Copy exactly the lines of the records below, and only those lines, beginning with the line that contains "Напомним, что хоть" and ending with the line that contains "On Wednesday 22".

### Source records
%%

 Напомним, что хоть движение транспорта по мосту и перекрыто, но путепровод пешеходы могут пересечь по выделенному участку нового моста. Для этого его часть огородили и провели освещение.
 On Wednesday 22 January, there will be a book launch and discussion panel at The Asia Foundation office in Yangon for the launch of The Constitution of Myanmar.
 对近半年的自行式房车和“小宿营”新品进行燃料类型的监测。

%%
%%

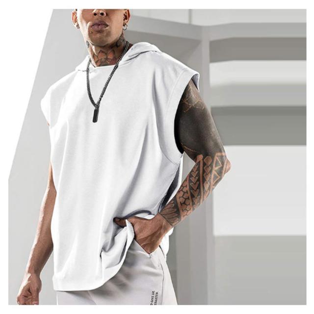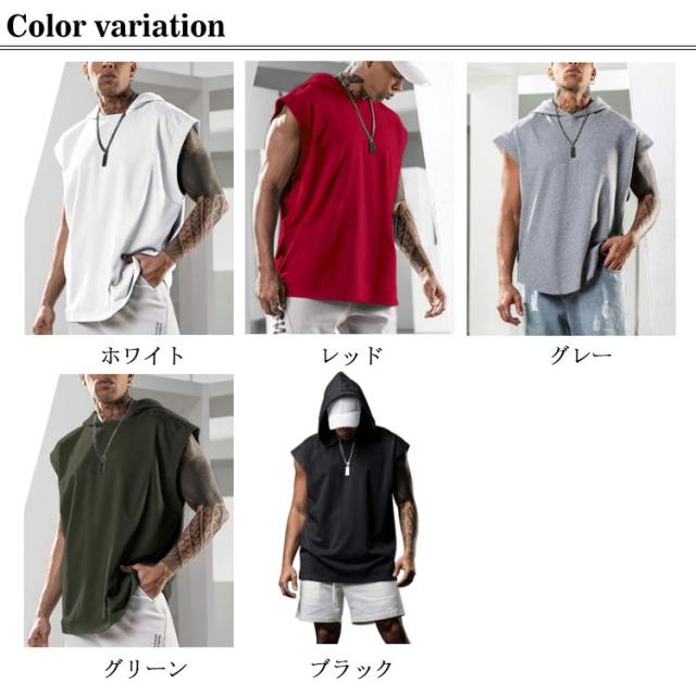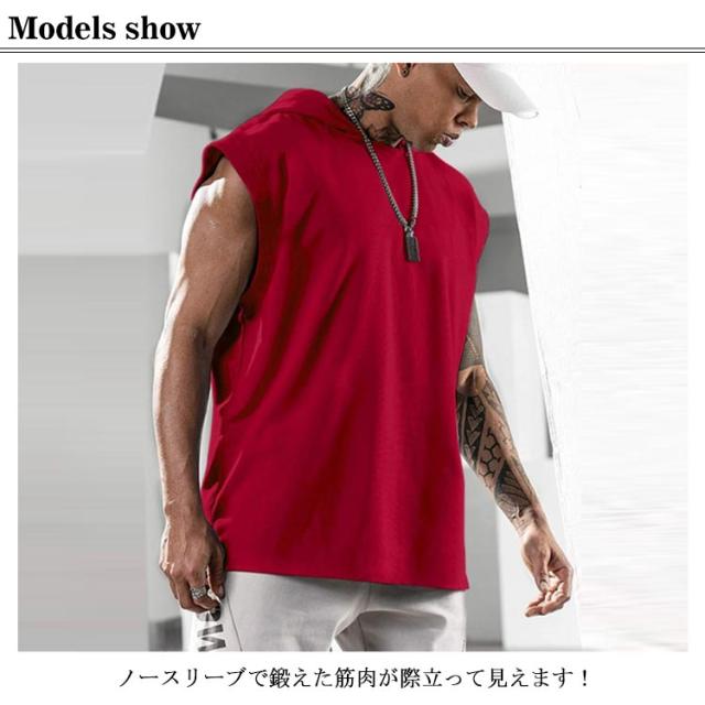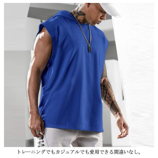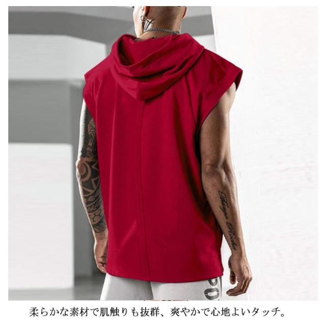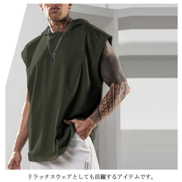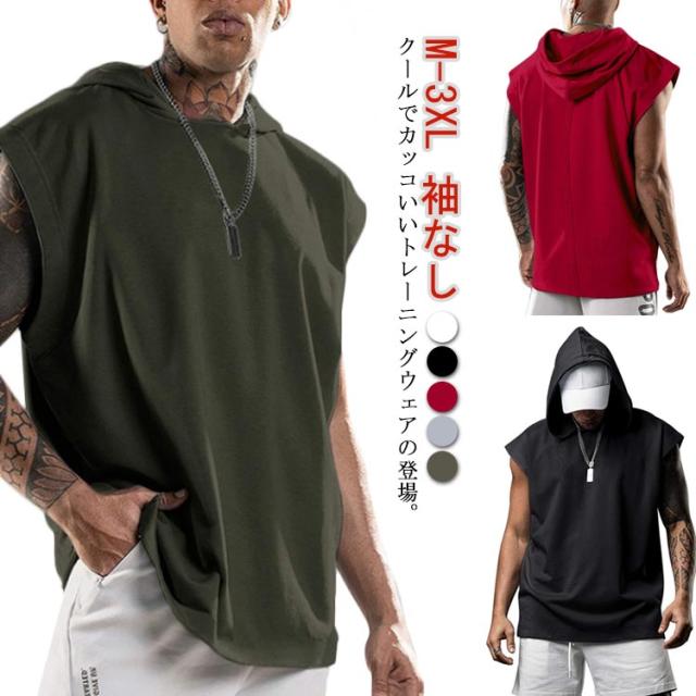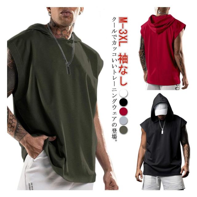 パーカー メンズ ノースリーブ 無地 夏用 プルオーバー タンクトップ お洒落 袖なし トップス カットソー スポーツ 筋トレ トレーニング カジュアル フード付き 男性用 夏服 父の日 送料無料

%%

### Solution for this exercise
 Напомним, что хоть движение транспорта по мосту и перекрыто, но путепровод пешеходы могут пересечь по выделенному участку нового моста. Для этого его часть огородили и провели освещение.
 On Wednesday 22 January, there will be a book launch and discussion panel at The Asia Foundation office in Yangon for the launch of The Constitution of Myanmar.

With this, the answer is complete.